Supplied material ▸
----

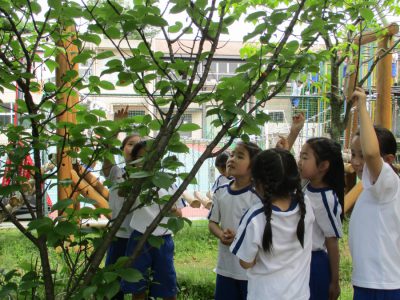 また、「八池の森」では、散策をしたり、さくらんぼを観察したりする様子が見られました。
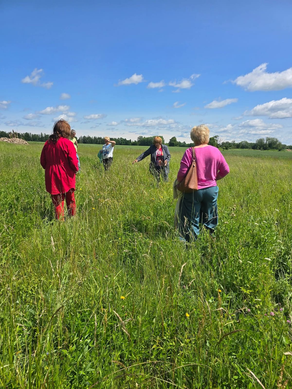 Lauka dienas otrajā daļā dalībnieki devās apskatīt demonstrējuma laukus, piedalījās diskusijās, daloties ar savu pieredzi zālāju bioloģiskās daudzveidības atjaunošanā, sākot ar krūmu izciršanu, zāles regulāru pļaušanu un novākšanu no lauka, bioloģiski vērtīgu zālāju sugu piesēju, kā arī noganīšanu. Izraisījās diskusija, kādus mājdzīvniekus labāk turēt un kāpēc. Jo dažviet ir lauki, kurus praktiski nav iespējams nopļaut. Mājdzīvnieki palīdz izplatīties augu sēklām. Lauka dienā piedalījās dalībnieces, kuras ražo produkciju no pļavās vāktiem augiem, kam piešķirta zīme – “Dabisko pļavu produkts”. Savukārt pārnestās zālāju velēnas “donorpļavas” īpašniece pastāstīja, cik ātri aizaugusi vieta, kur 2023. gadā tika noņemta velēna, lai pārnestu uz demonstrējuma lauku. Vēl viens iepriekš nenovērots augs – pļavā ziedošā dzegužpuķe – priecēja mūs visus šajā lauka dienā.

----

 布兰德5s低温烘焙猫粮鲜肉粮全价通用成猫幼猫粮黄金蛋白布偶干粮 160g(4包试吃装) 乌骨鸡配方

----

What you are asked to do ▸
What is wanted is an exact copy of the lines above from the one containing "また、「八池の森」では、散策" through the one containing "Lauka dienas otrajā", with no pictures in it.

Expected output ▸
 また、「八池の森」では、散策をしたり、さくらんぼを観察したりする様子が見られました。
 Lauka dienas otrajā daļā dalībnieki devās apskatīt demonstrējuma laukus, piedalījās diskusijās, daloties ar savu pieredzi zālāju bioloģiskās daudzveidības atjaunošanā, sākot ar krūmu izciršanu, zāles regulāru pļaušanu un novākšanu no lauka, bioloģiski vērtīgu zālāju sugu piesēju, kā arī noganīšanu. Izraisījās diskusija, kādus mājdzīvniekus labāk turēt un kāpēc. Jo dažviet ir lauki, kurus praktiski nav iespējams nopļaut. Mājdzīvnieki palīdz izplatīties augu sēklām. Lauka dienā piedalījās dalībnieces, kuras ražo produkciju no pļavās vāktiem augiem, kam piešķirta zīme – “Dabisko pļavu produkts”. Savukārt pārnestās zālāju velēnas “donorpļavas” īpašniece pastāstīja, cik ātri aizaugusi vieta, kur 2023. gadā tika noņemta velēna, lai pārnestu uz demonstrējuma lauku. Vēl viens iepriekš nenovērots augs – pļavā ziedošā dzegužpuķe – priecēja mūs visus šajā lauka dienā.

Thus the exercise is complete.